§ **DESCRIPTION OF THE TASK**
Your answer must be an exact copy of the records below, with every picture left out.
*** DATASET EXTRACT
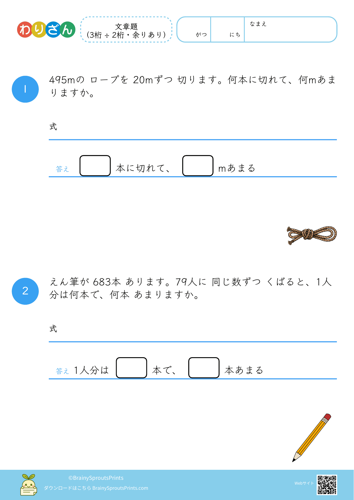 分ける場面や、いくつ分あるかを考える場面を文章から読み取りやすいプリントです。わり算は場面の意味がつかめるかで理解が変わるので、式にする前の読み取りが大切になります。
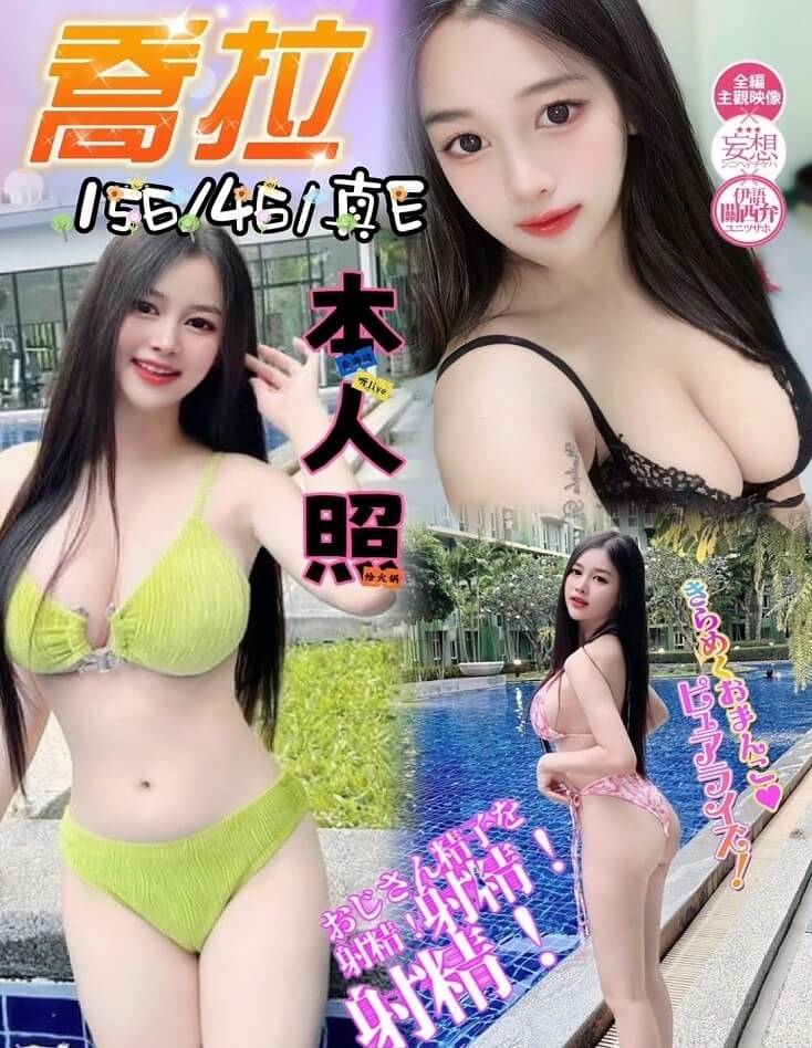喬拉 年齡: 24 罩杯: E 身高: 156 體重: 46KG 服務/類型: 殘廢澡 無套吹 舌吻 6 9 品鮑 口爆 舔蛋 無套內射 情趣角色扮演 買兩節送1S 買三節送一節 加價項目: 2S+0.5k 口爆+0.5K 無套內射+1K
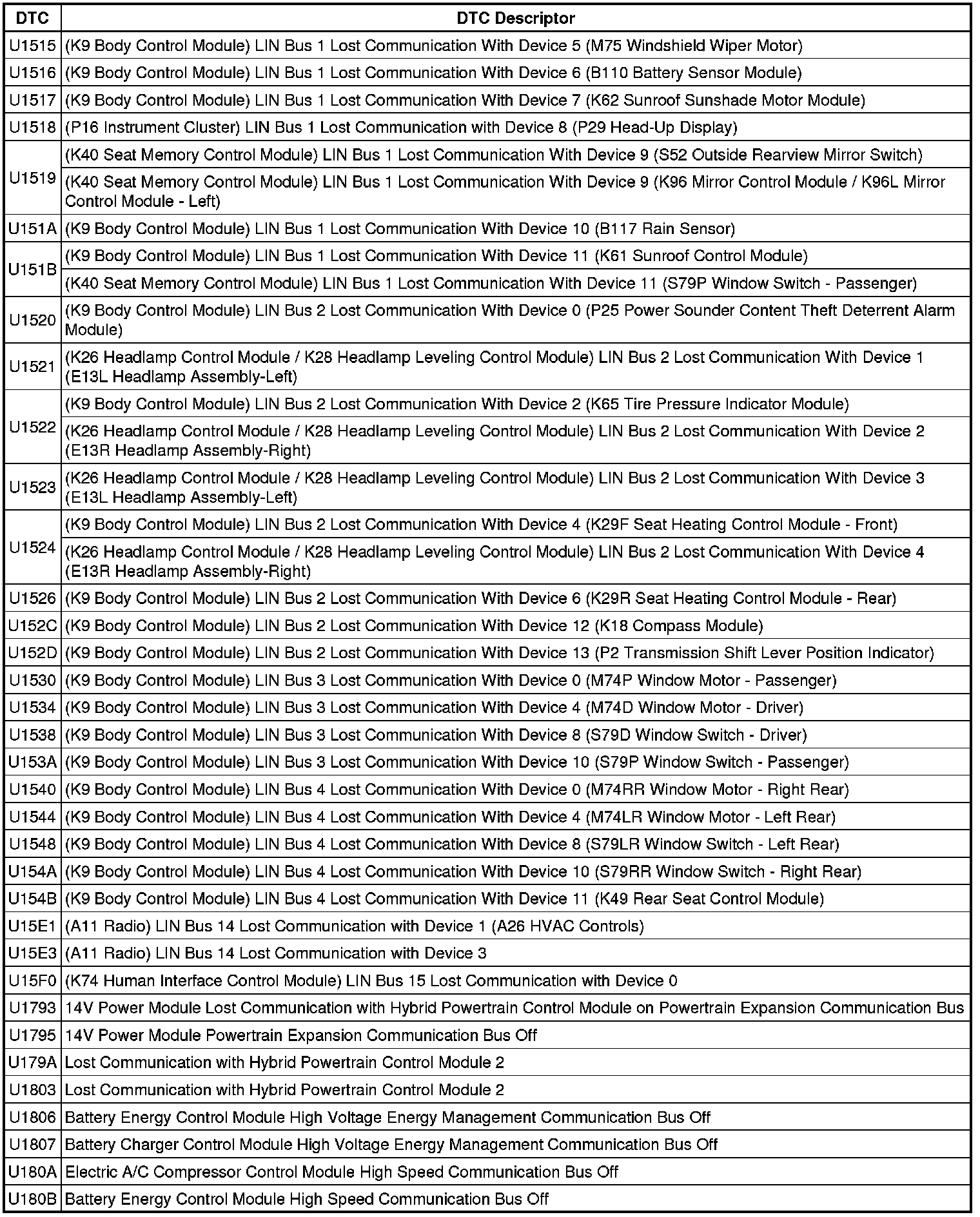 This list includes all Data Communications related U-code DTCs in alphanumeric order with descriptors for all devices. Not all DTCs listed will be applicable to all vehicles.
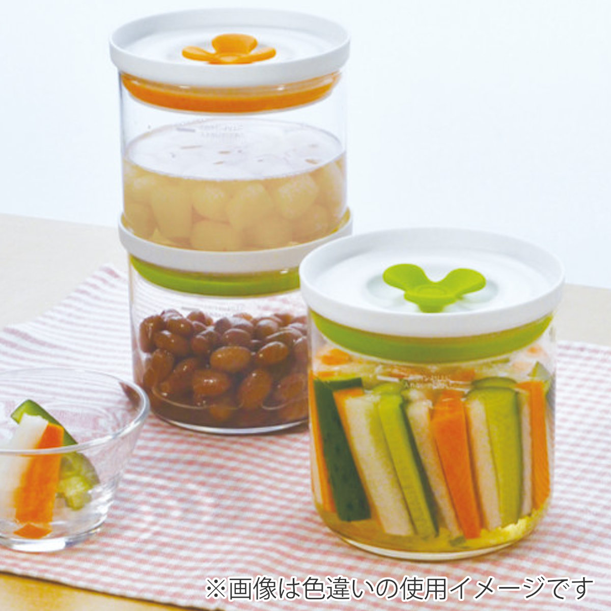 ●ガラス製で酸に強く、色やにおいが付きにくいので、お漬物やピクルスなどの保存に向いています。
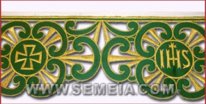 PIZZO RASO cm 15 TRAFORATO IHS/CROCE/VOLUTE VERDE.
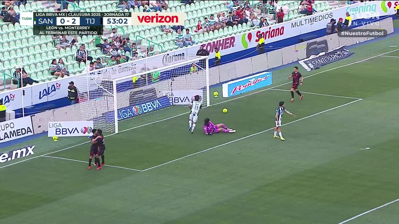 ¡Gol! Santos Laguna 0| Club Tijuana 3. Raúl Zúñiga (Club Tijuana) zurdazo desde el centro del área.
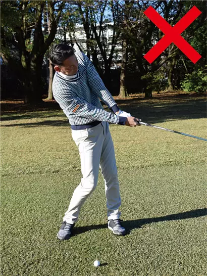 上げようとするとインパクトが右足体重になり、ロフト角が増えて飛距離が落ちる。
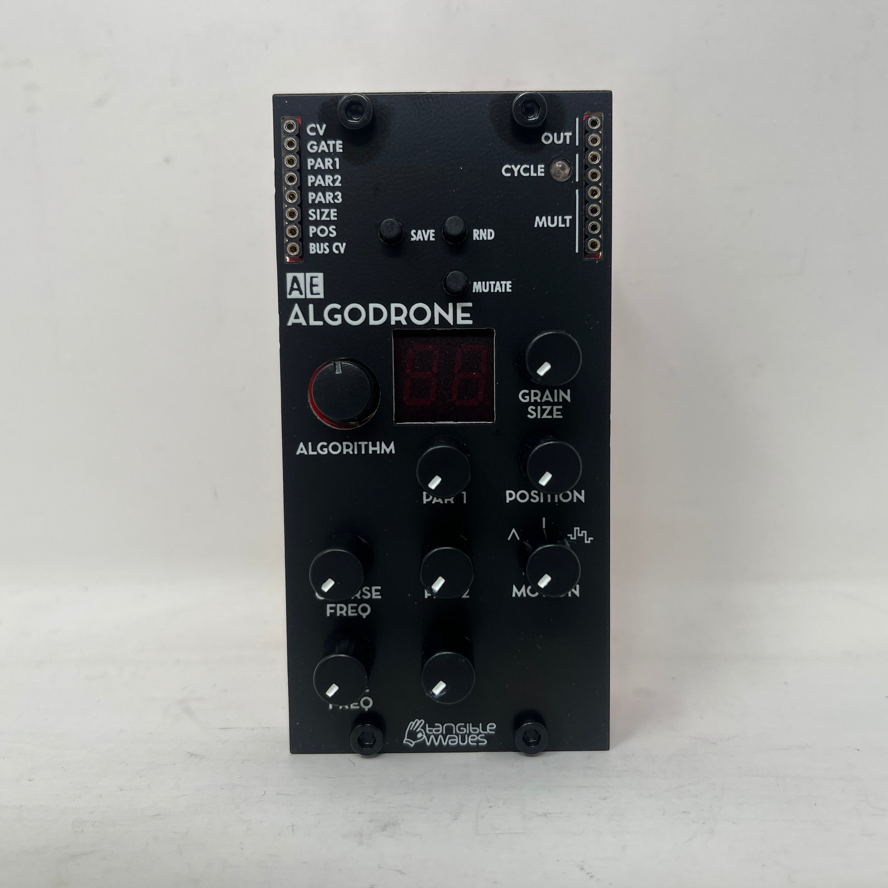 The ALGODRONE module contains a number of these algorithms plus three parameter knobs that change values within the current algorithm. These changes vary from subtle to dramatic, even with small changes, depending on the algorithm and the setting of the other parameters.
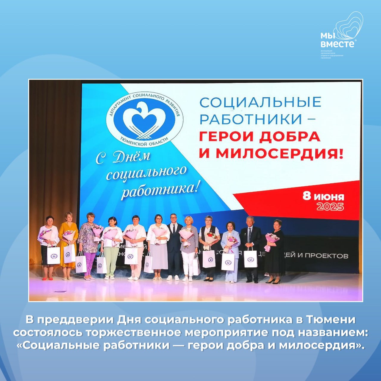 🧡 В преддверии Дня социального работника в Тюмени состоялось торжественное мероприятие под названием: «Социальные работники — герои добра и милосердия». Праздник объединил представителей профессионального сообщества, ветеранов отрасли, сотрудников социальных учреждений, членов Ассоциации «Мы вместе» и всех, кто каждый день трудится во благо других.
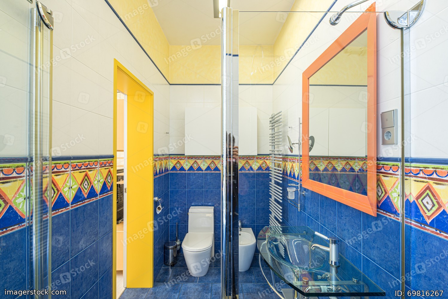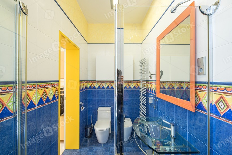 Modern interior of bathroom in luxury apartment. Blue and yellow.
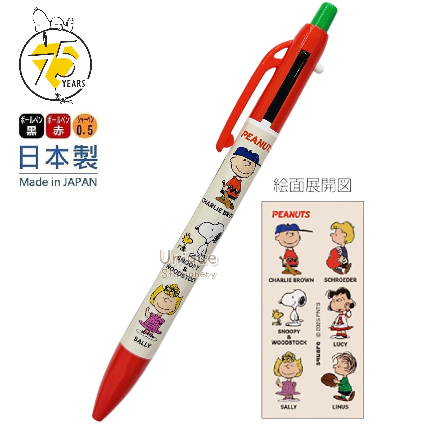 現貨|Snoopy 75週年限定 日本製 3用筆 (2色原子筆+鉛芯筆) PA25-20
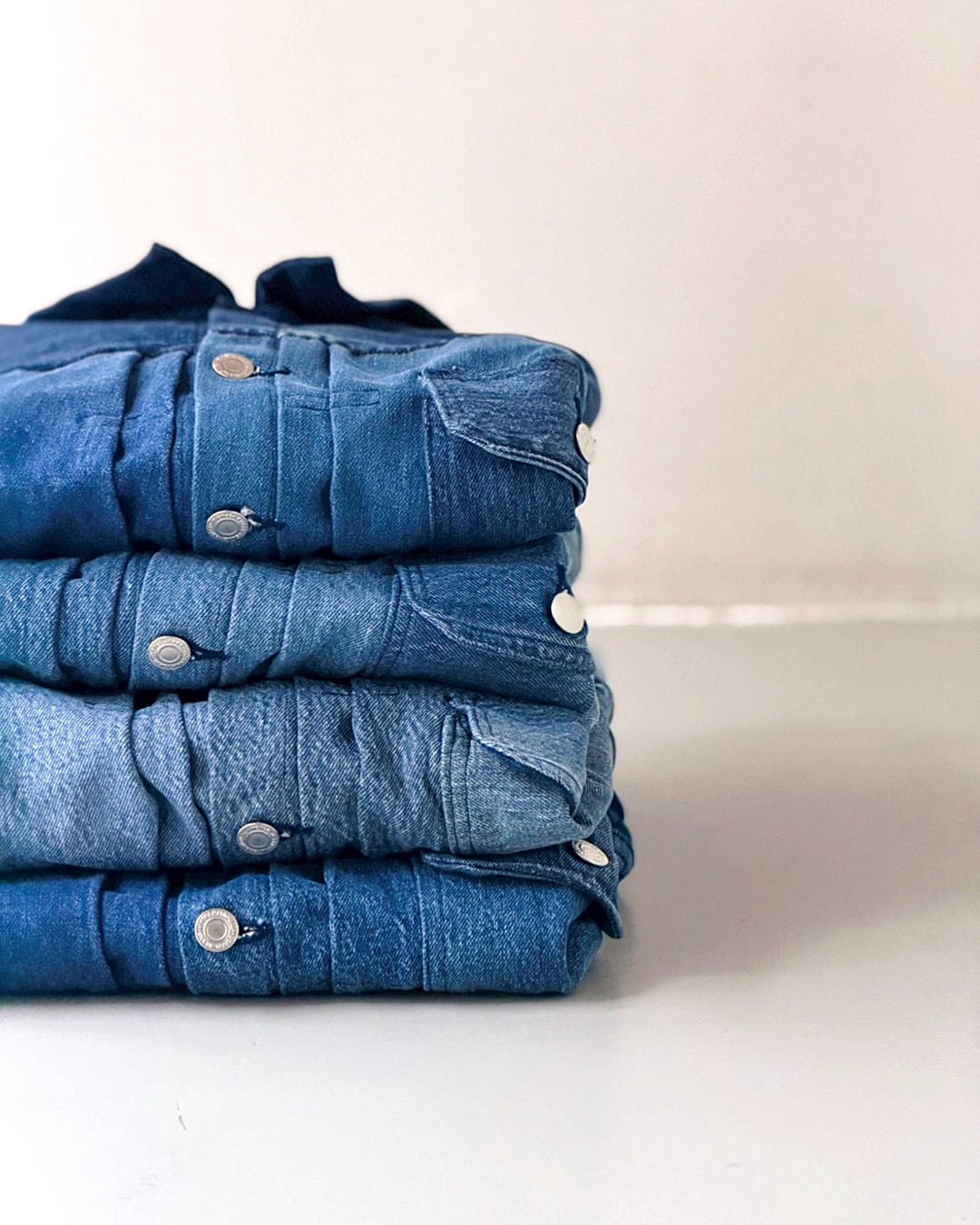 もとのデニムのアタリが自然に浮かび上がるよう、配置にも細やかな配慮がなされています。
******
§ **FINISHED EXERCISE**
 分ける場面や、いくつ分あるかを考える場面を文章から読み取りやすいプリントです。わり算は場面の意味がつかめるかで理解が変わるので、式にする前の読み取りが大切になります。
喬拉 年齡: 24 罩杯: E 身高: 156 體重: 46KG 服務/類型: 殘廢澡 無套吹 舌吻 6 9 品鮑 口爆 舔蛋 無套內射 情趣角色扮演 買兩節送1S 買三節送一節 加價項目: 2S+0.5k 口爆+0.5K 無套內射+1K
 This list includes all Data Communications related U-code DTCs in alphanumeric order with descriptors for all devices. Not all DTCs listed will be applicable to all vehicles.
 ●ガラス製で酸に強く、色やにおいが付きにくいので、お漬物やピクルスなどの保存に向いています。
 PIZZO RASO cm 15 TRAFORATO IHS/CROCE/VOLUTE VERDE.
 ¡Gol! Santos Laguna 0| Club Tijuana 3. Raúl Zúñiga (Club Tijuana) zurdazo desde el centro del área.
 上げようとするとインパクトが右足体重になり、ロフト角が増えて飛距離が落ちる。
 The ALGODRONE module contains a number of these algorithms plus three parameter knobs that change values within the current algorithm. These changes vary from subtle to dramatic, even with small changes, depending on the algorithm and the setting of the other parameters.
 🧡 В преддверии Дня социального работника в Тюмени состоялось торжественное мероприятие под названием: «Социальные работники — герои добра и милосердия». Праздник объединил представителей профессионального сообщества, ветеранов отрасли, сотрудников социальных учреждений, членов Ассоциации «Мы вместе» и всех, кто каждый день трудится во благо других.
 Modern interior of bathroom in luxury apartment. Blue and yellow.
 現貨|Snoopy 75週年限定 日本製 3用筆 (2色原子筆+鉛芯筆) PA25-20
 もとのデニムのアタリが自然に浮かび上がるよう、配置にも細やかな配慮がなされています。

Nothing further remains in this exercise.